1

I have an email that looks like this:

We’ve received a request to change your email address to example@thisexample.com.

To complete the process, please verify your email address by entering the following verification code.

86761G

This code is temporary and will expire in 30 minutes.

If this wasn’t requested by you, your account information will remain unchanged. No further action is required.

Warm regards, Example.com

I need to parse out the verification code: 86761G . Catch being that the code is dynamic, meaning it's ever changing. What IS static though is the layout of the email, so my thought would be to grab it by the new line index [2] (Even though it looks there's spaces in between it's the third <p> tag in the Div therefor the [2] index via new lines). Or my other idea was to do it via the HTML somehow (Don't really wanna use HTMLAgilityPack). The HTML is as follows for the Div:

<td colspan="2" style="padding:1.2em 45px 2em 45px;color:#000;font-   family:Corbel, 'Trebuchet MS', 'Helvetica Neue', Helvetica, Arial, sans-serif;font-size:.875em;line-height:1.1em;">
<p>We’ve received a request to change your email address to example@thisexample.com.</p>
<p>To complete the process, please verify your email address by entering the following verification code.</p>
<p>86761G</p>
<p>This code is temporary and will expire in 30 minutes.</p>
<p>If this wasn’t requested by you, your account information will remain unchanged. No further action is required.</p>


<p>Warm regards,<br>
example.com</p>
</td>

Any idea how to parse this data out? I was thinking Regex if possible, even though I know that Regex isn't meant for HTML because it's not regular text. If I need HTMLAgilityPack I'll use it, if not though I prefer not. Thank you guys!

Oh side note - I'm using Firefox via Selenium, so there's always the option to use it's built in functions to grab it somehow?

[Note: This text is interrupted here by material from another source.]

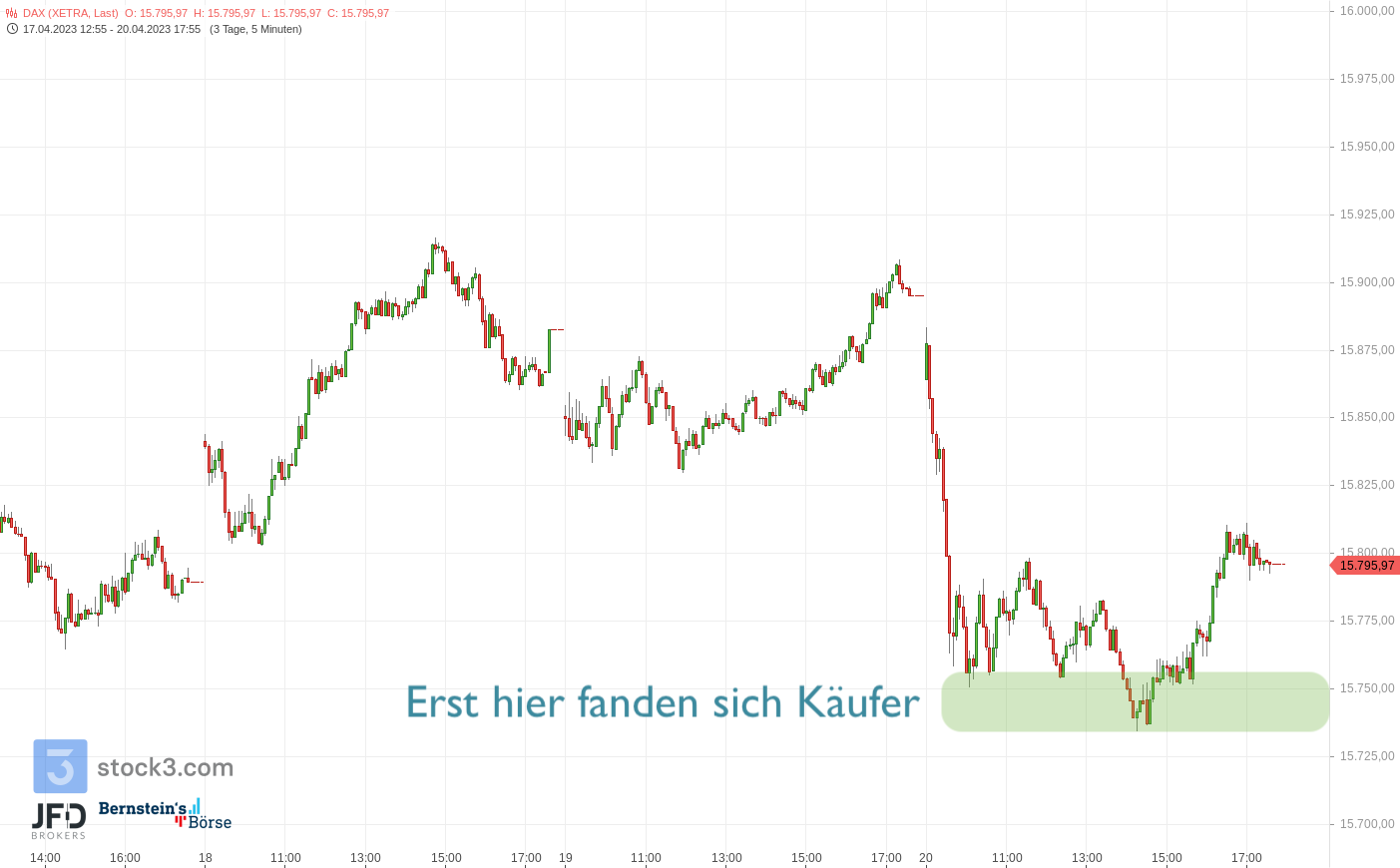 Nach zwei aufeinander folgenden Hochs am Dienstag und Mittwoch über 15.900 Punkten kam es dann am Donnerstag zu einer tieferen Konsolidierung. Bereits zum Handelsstart gaben die Kurse etwas nach und fingen sich diesmal nicht direkt nach ersten Abgaben, sondern drangen tiefer in den Handelsbereich der Woche ein. Erst im Bereich um 15.750 Punkte konnte ein Intraday-Boden ausgebildet werden, der dann am Nachmittag noch einmal den Rebound zur 15.800 vollzog:
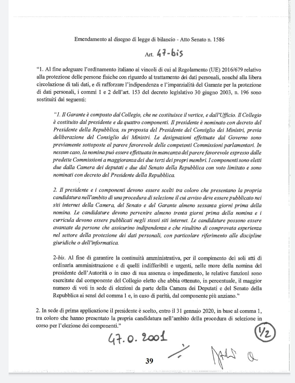 Proteste vittoriose, emendamento bocciato. Non arriveranno con la legge di bilancio le nuove regole sulla governance del garante Privacy né lo slittamento di un mese fino al 31 gennaio 2020 del collegio del Garante e dell’Agcom. L’emendamento dei relatori Accoto (M5S) e Stefàno (Pd) che propone di portare da 4 a 5 il numero dei componenti del collegio è stato giudicato inammissibile per estraneità di materia dalla Commissione Bilancio al Senato, che ha contestualmente bocciato la proposta di allungare di un mese i tempi di vacatio del Garante Privacy e dell’Agcom. Resta quindi il termine del 31 dicembre per la nomina dei nuovi collegi delle due authority.

Edit: I'm so stupid. Selenium - FindElementbyXPath (facepalm)

Community
  • 1
  • 1
Frank
  • 185
  • 13
  • 1
    http://stackoverflow.com/questions/1732348/regex-match-open-tags-except-xhtml-self-contained-tags – BradleyDotNET Feb 10 '15 at 00:31
  • "I was thinking Regex if possible, even though I know that Regex isn't meant for HTML because it's not regular text" – Frank Feb 10 '15 at 00:33
  • Read that a bit too late :) Still important to note. Not closing as a duplicate since you only thought that was a *potential* solution. – BradleyDotNET Feb 10 '15 at 00:36
  • Well I know that you're supposed to really, but I've parsed HTML with Regex before, so I know it's a POSSIBLE thing to do, just not recommended per say ;) – Frank Feb 10 '15 at 00:39
  • 1
    Regex can't match indefinetely nested elements, the best you can do is extract tokens from the HTML, which is enough in this case – Eduardo Wada Feb 10 '15 at 00:56

4 Answers4

1

Contrary to popular (and misinformed, imo) opinion, you can use Regular Expressions to extract this because the overarching structure of this document does, in fact, meet the requirements to be considered a Regular Grammar ( http://en.wikipedia.org/wiki/Chomsky_hierarchy )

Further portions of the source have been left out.